Alice invited me to come in and sit down, then offered me a cup of tea. I had seen the small mud-and-waddle huts everywhere I had walked or run, but had never been inside one. The main sitting room had two chairs, a cabinet, an area for cooking, and a curtained off area for a bedroom. The room was hardly bigger than my parents’ closet. A door led to the second and only other room, where a radio played dance music. We chatted about the different kinds of clay that she used to plaster. The inside had a ondulating white clay plaster, with festive “Merry Christmas” decorations all around. “Faith without action is death,” one wall said.
Outside, I asked if I could take a picture of her standing outside her house. Her head reached the level where the roof began. I showed her the picture on the tiny camera screen, and like most other Africans here, she asked for a print of it. It suddenly occurred to me that seeing pictures like this was so novel because Alice had probably seldom seen herself before. It’s not like she had a full length mirror hidden in that back room. Nor, most likely, do Kariuki or Nikolas, or the Daraja girls. I don’t think I saw a full length mirror the entire time I was in Africa.

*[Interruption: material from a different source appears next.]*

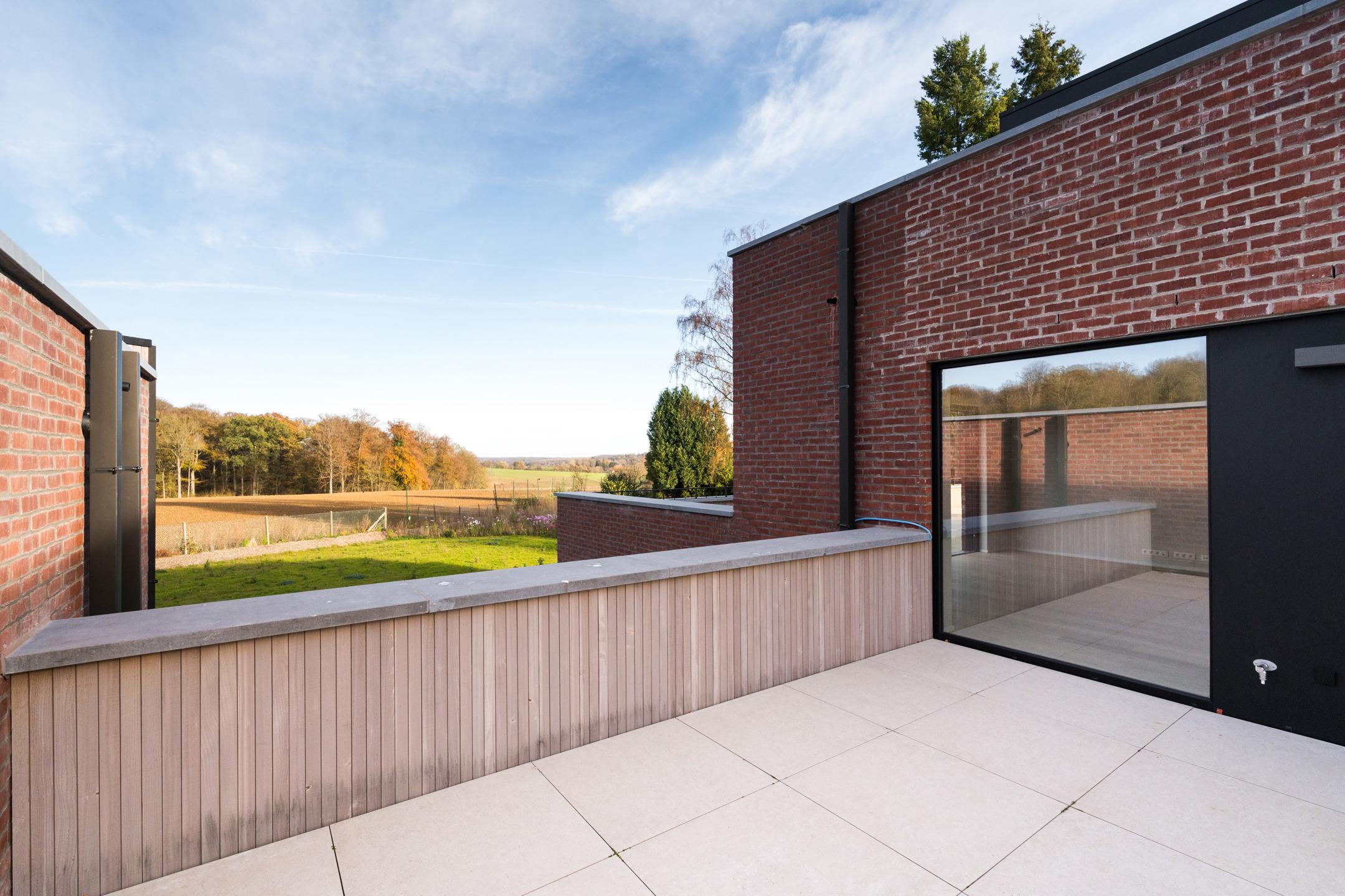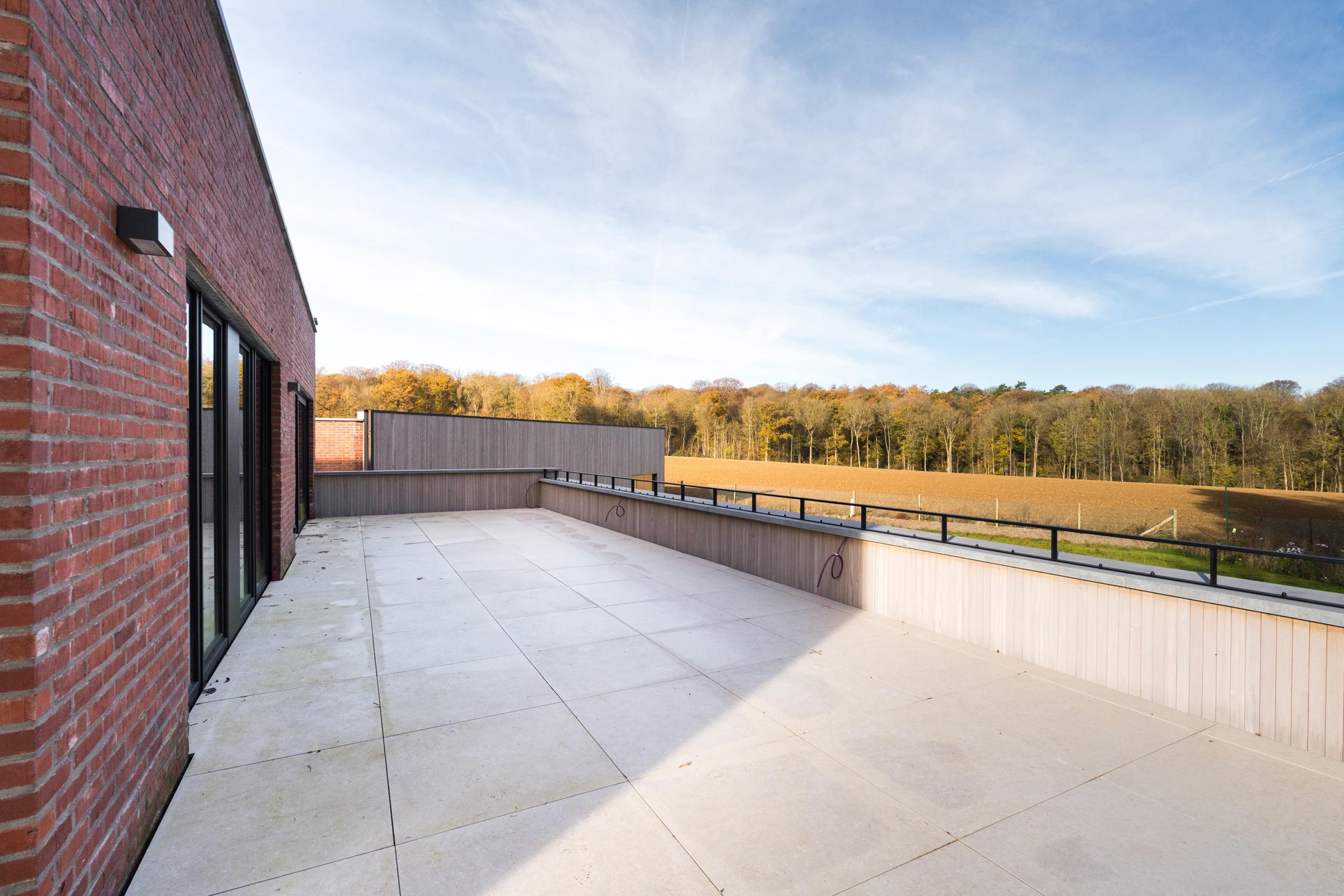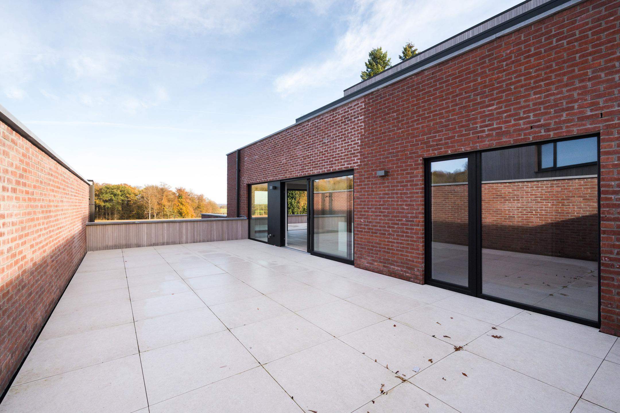 CHAUMONT-GISTOUX – Ideally located just a few minutes from Wavre and Louvain-la-Neuve and in the immediate vicinity of all amenities (organic shop “La Biosphère” at the foot of the building, bakery, supermarket, future Saint-Pierre clinic), beautiful NEW HIGH-STANDING APARTMENT (3bed/2shower) of 148 m² and its 145 m² TERRACES offering an EXCEPTIONAL UNOBSTRUCTED VIEW over the surrounding countryside. Located on the 1st floor, it consists of an entrance hall with built-in closet, guest toilet and laundry room, a 46.6 m² living room with fully equipped open kitchen opening onto the 2 terraces, a 22 m² master bedroom with access to the west-facing terrace and an adjoining shower room (double sink, shower, toilet), two other 13.6 m² bedrooms opening onto the rear terrace, a shower room (double sink, shower) and a 5 m² external storage room. The apartment offers HIGH-END FEATURES (armored entrance door, custom-made closets, underfloor heating, Miele appliances, …) and is part of a small co-ownership designed according to low-energy consumption criteria (solar panels, heat pumps, optimal insulation), ensuring optimal comfort and reduced environmental impact. EPC A. Cellar and garage at extra cost. Sale of the land under the registration tax regime (12.5%) and the constructions under the VAT regime (21%). To discover at L&P!

She showed me around the other structures in her compound, and we discussed plasters and building materials as we walked. A big, round structure with a thatched roof, that had been standing since the seventies, served as her kitchen when she cooked with a wood-fueled fire. The mud had fallen off the sticks on the outside, leaving gaps in many places, but the inside was dark and cozy. The fire that boiled our tea water sent smoke wafting up into the wide cone of the roof and curling around the rounded walls.

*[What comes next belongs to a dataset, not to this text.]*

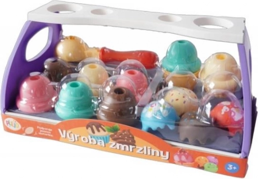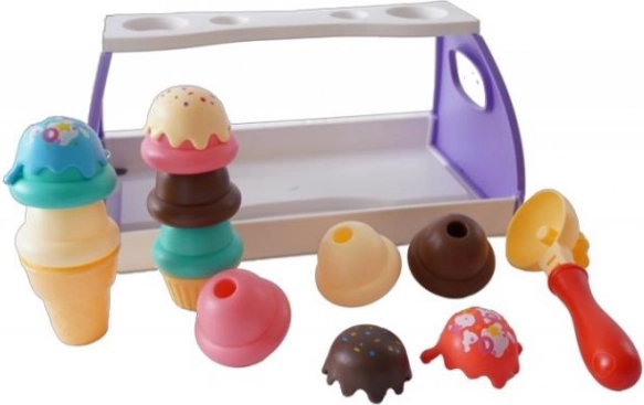 PLEJO fabrication de glaces : plateau de service avec support, cornet, glace et cuillère. Un excellent set pour s’amuser à jouer au glacier.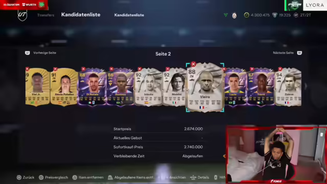 02:39:16Es wird über die Qualität verschiedener Spieler im Spiel diskutiert, insbesondere Yaya Touré, die als beste Spielerin hervorgehoben wird, obwohl sie nur ZDM spielen kann. Es wird über den Preis von Ginola spekuliert, der gerade fällt, und überlegt, ob er für 3 Millionen Coins gekauft werden soll. Der Fokus liegt auf dem Beobachten von Preisentwicklungen und dem Erkennen von Gelegenheiten zum Flippen von Spielern, wie im Beispiel von Werder Bremen. Es wird überlegt, ob man wieder bei Werder einsteigen soll, aber davor gewarnt, da zu viele Zuschauer den gleichen Tipp bekommen könnten. Es wird überlegt, in Valverde zu investieren, da er als zu günstig angesehen wird. Es wird über die Performance von Ryan Daz diskutiert, der als bester Mittelfeldspieler der Welt bezeichnet wird. Es wird überlegt, ob man R9 für 11 Millionen hätte kaufen sollen, wenn Valverde nicht verfügbar gewesen wäre. Es wird über die Icon-Preise vom letzten Jahr gesprochen und betont, wie wichtig diese Informationen sind. Es wird überlegt, ob man Packs kaufen soll, obwohl keine Coins vorhanden sind. Es wird über die erste Weekend League in 13 Tagen gesprochen und die eigene Heiserkeit beklagt.

One of her daughters lived in another mud-and-waddle house, this one not plastered on the outside, so I could clearly see the straight branches, vertical and horizontal, that held the mud to form the walls. This one, like Alice’s, had iron sheets for the roof. It had a stubby stool outside, where Alice’s daughter sat quietly, sorting rice and observing us through the open door to Alice’s house as we sat to talk and drink our tea.
Alice had lived in this Kikuyu village since she was small. At that time, the only school was in Jua Kali, which was an hour and a half – running – from home. The younger ones often wouldn’t go to school because they couldn’t run fast enough. Others didn’t have enough money, time, or food to support education for their kids. Now, Alice’s kids can go to school in Naibor or Ol Gigiri, 20 minutes walking at most. A lot has changed – and now primary schooling is such a mandatory part of the Kenyan lifestyle anywhere you go.
We talked about the role of women in a household, and how it has changed recently. As we sat in her humble house, her way of life became more real to me, as if I had been understanding the simple, tribal life through a fog before. It’s different to hear it from a friend, to sit in her house, to be invited into the life, than to read about it or only see pictures. I have gotten the privilege of being invited inside, even if only for a moment.